Reputation: 44550
How can I split comma separated strings with quoted strings that can also contain commas?
Example input:
John, Doe, "Sid, Nency", Smith
Expected output:
Split by commas was ok, but I've got requirement that strings like "Sid, Nency" are allowed. I tried to use regexes to split such values. Regex ",(?=([^\"]*\"[^\"]*\")*[^\"]*$)"
is from Java question and it is not working good for my .NET code. It doubles some strings, finds extra results etc.
So what is the best way to split such strings?
Upvotes: 2
Views: 2874
Reputation: 2709
If you find the regular expression too complex you can do it like this:
string initialString = "John, Doe, \"Sid, Nency\", Smith";
IEnumerable<string> splitted = initialString.Split('"');
splitted = splitted.SelectMany((str, index) => index % 2 == 0 ? str.Split(',') : new[] { str });
splitted = splitted.Where(str => !string.IsNullOrWhiteSpace(str)).Select(str => str.Trim());
Upvotes: 0
Reputation: 39437
Just go through your string. As you go through your string keep track
if you're in a "block" or not. If you're - don't treat the comma as
a comma (as a separator). Otherwise do treat it as such. It's a simple
algorithm, I would write it myself. When you encounter first " you enter
a block. When you encounter next ", you end that block you were, and so on.
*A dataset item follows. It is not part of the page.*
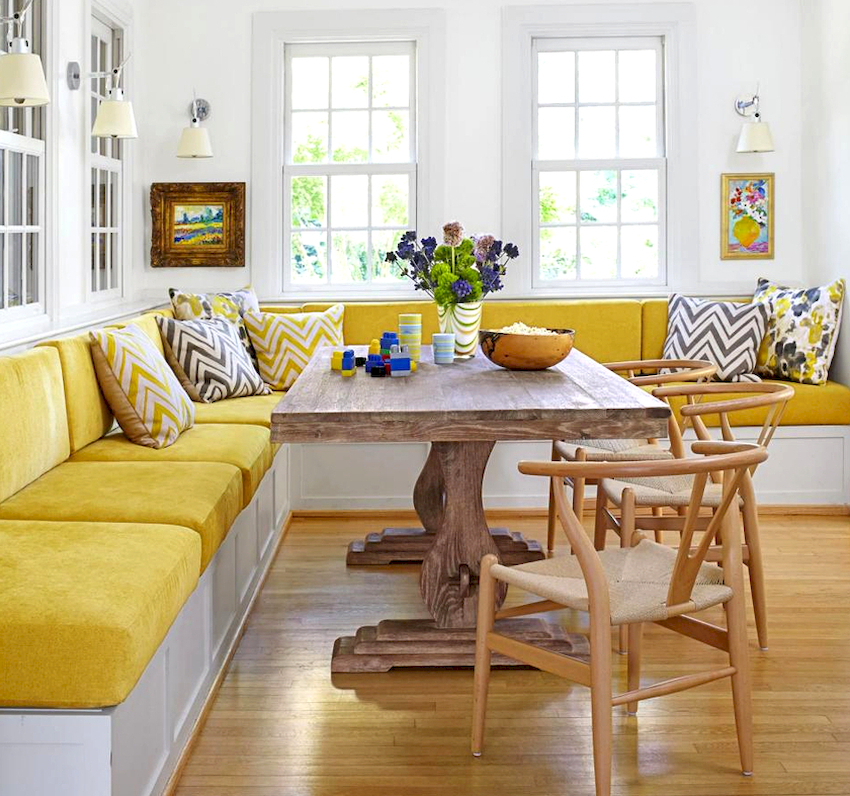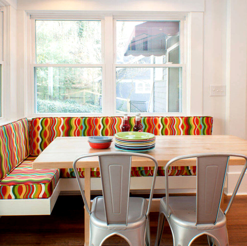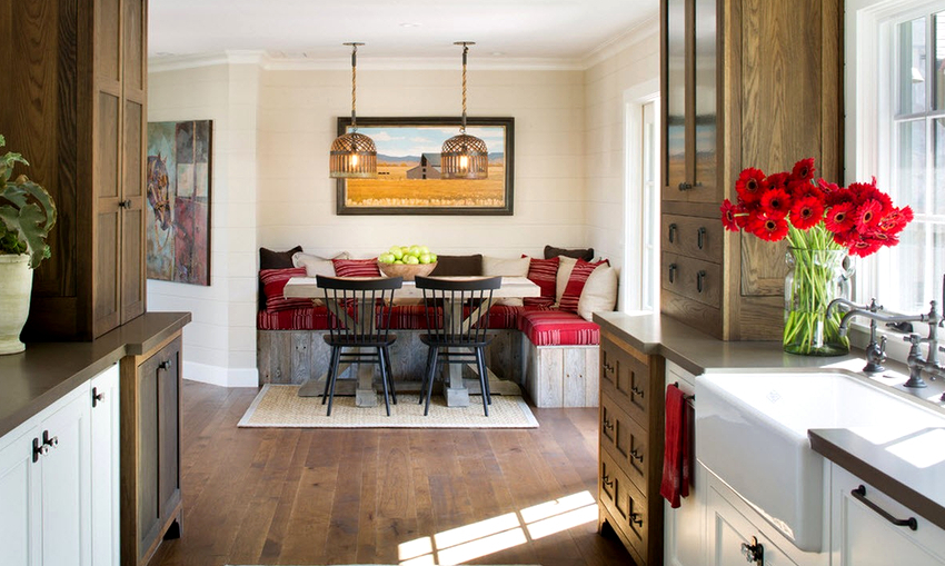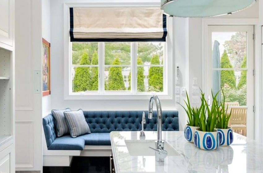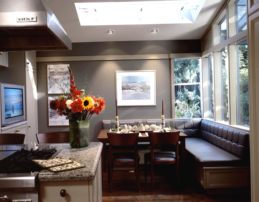 בחירת הצורה האופטימלית של ספה פינתית למטבח עם חלון מפרץ ואי
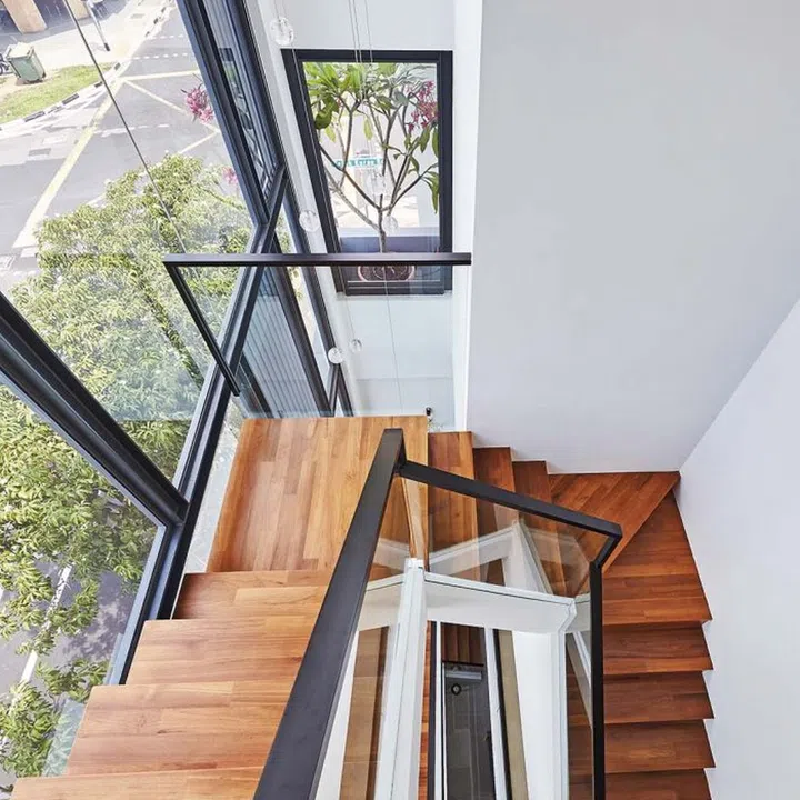 Making it brighter and airier is a four-storey glass wall on one side of the stairwell that lets in plenty of sunlight.

So you can do it with one pass through your string.
import java.util.ArrayList;
public class Test003 {
public static void main(String[] args) {
String s = " John, , , , \" Barry, John \" , , , , , Doe, \"Sid , Nency\", Smith ";
StringBuilder term = new StringBuilder();
boolean inQuote = false;
boolean inTerm = false;
ArrayList<String> terms = new ArrayList<String>();
for (int i=0; i<s.length(); i++){
char ch = s.charAt(i);
if (ch == ' '){
if (inQuote){
if (!inTerm) {
inTerm = true;
}
term.append(ch);
}
else {
if (inTerm){
terms.add(term.toString());
term.setLength(0);
inTerm = false;
}
}
}else if (ch== '"'){
term.append(ch); // comment this out if you don't need it
if (!inTerm){
inTerm = true;
}
inQuote = !inQuote;
}else if (ch == ','){
if (inQuote){
if (!inTerm){
inTerm = true;
}
term.append(ch);
}else{
if (inTerm){
terms.add(term.toString());
term.setLength(0);
inTerm = false;
}
}
}else{
if (!inTerm){
inTerm = true;
}
term.append(ch);
}
}
if (inTerm){
terms.add(term.toString());
}
for (String t : terms){
System.out.println("|" + t + "|");
}
}
}
Upvotes: 1
Reputation: 71538
It's because of the capture group. Just turn it into a non-capture group:
",(?=(?:[^""]*""[^""]*"")*[^""]*$)"
^^
The capture group is including the captured part in your results.
var regexObj = new Regex(@",(?=(?:[^""]*""[^""]*"")*[^""]*$)");
regexObj.Split(input).Select(s => s.Trim('\"', ' ')).ForEach(Console.WriteLine);
And just trim the results.
Upvotes: 4
Reputation: 38825
I use the following code within my Csv Parser class to achieve this:
private string[] ParseLine(string line)
{
List<string> results = new List<string>();
bool inQuotes = false;
int index = 0;
StringBuilder currentValue = new StringBuilder(line.Length);
while (index < line.Length)
{
char c = line[index];
switch (c)
{
case '\"':
{
inQuotes = !inQuotes;
break;
}
default:
{
if (c == ',' && !inQuotes)
{
results.Add(currentValue.ToString());
currentValue.Clear();
}
else
currentValue.Append(c);
break;
}
}
++index;
}
results.Add(currentValue.ToString());
return results.ToArray();
} // eo ParseLine
Upvotes: 0